_Instructions for the task:_
With pictures removed, the data below should be returned exactly.

_Data excerpt:_
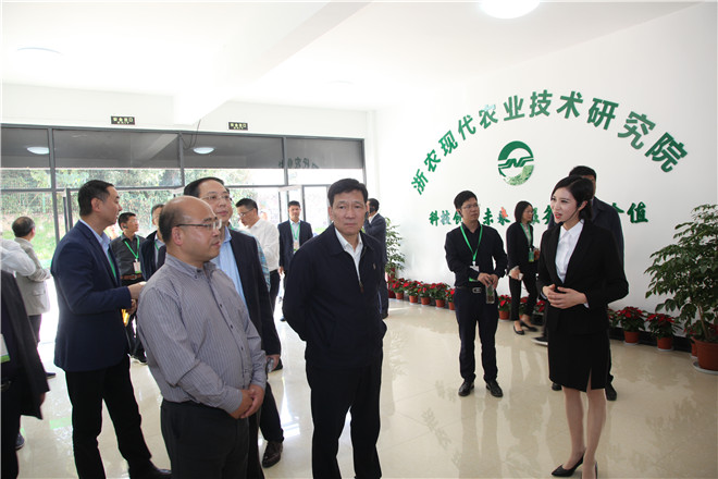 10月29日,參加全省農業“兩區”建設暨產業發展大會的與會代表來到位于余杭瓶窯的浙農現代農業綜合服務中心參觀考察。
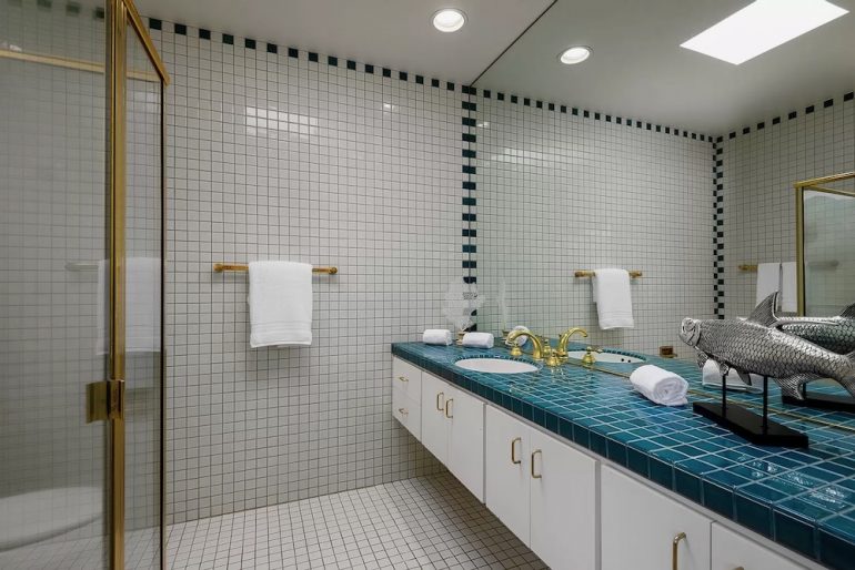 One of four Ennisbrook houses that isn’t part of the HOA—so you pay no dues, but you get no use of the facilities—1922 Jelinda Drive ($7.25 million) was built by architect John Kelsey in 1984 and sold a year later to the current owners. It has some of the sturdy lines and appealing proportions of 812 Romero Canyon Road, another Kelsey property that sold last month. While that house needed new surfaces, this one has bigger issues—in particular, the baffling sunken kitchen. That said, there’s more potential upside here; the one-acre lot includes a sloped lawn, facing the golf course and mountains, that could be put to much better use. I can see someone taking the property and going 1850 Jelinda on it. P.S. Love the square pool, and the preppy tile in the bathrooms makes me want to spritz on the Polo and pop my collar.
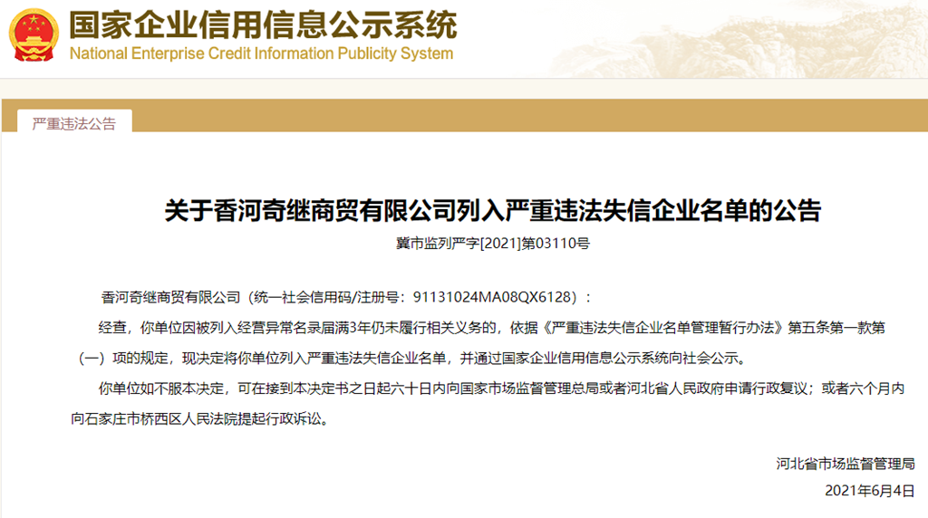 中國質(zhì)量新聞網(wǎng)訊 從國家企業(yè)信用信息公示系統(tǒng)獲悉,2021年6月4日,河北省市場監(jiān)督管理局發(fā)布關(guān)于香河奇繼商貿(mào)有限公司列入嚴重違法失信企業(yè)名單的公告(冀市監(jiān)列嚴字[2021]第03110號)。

_Task output:_
 10月29日,參加全省農業“兩區”建設暨產業發展大會的與會代表來到位于余杭瓶窯的浙農現代農業綜合服務中心參觀考察。
 One of four Ennisbrook houses that isn’t part of the HOA—so you pay no dues, but you get no use of the facilities—1922 Jelinda Drive ($7.25 million) was built by architect John Kelsey in 1984 and sold a year later to the current owners. It has some of the sturdy lines and appealing proportions of 812 Romero Canyon Road, another Kelsey property that sold last month. While that house needed new surfaces, this one has bigger issues—in particular, the baffling sunken kitchen. That said, there’s more potential upside here; the one-acre lot includes a sloped lawn, facing the golf course and mountains, that could be put to much better use. I can see someone taking the property and going 1850 Jelinda on it. P.S. Love the square pool, and the preppy tile in the bathrooms makes me want to spritz on the Polo and pop my collar.
 中國質(zhì)量新聞網(wǎng)訊 從國家企業(yè)信用信息公示系統(tǒng)獲悉,2021年6月4日,河北省市場監(jiān)督管理局發(fā)布關(guān)于香河奇繼商貿(mào)有限公司列入嚴重違法失信企業(yè)名單的公告(冀市監(jiān)列嚴字[2021]第03110號)。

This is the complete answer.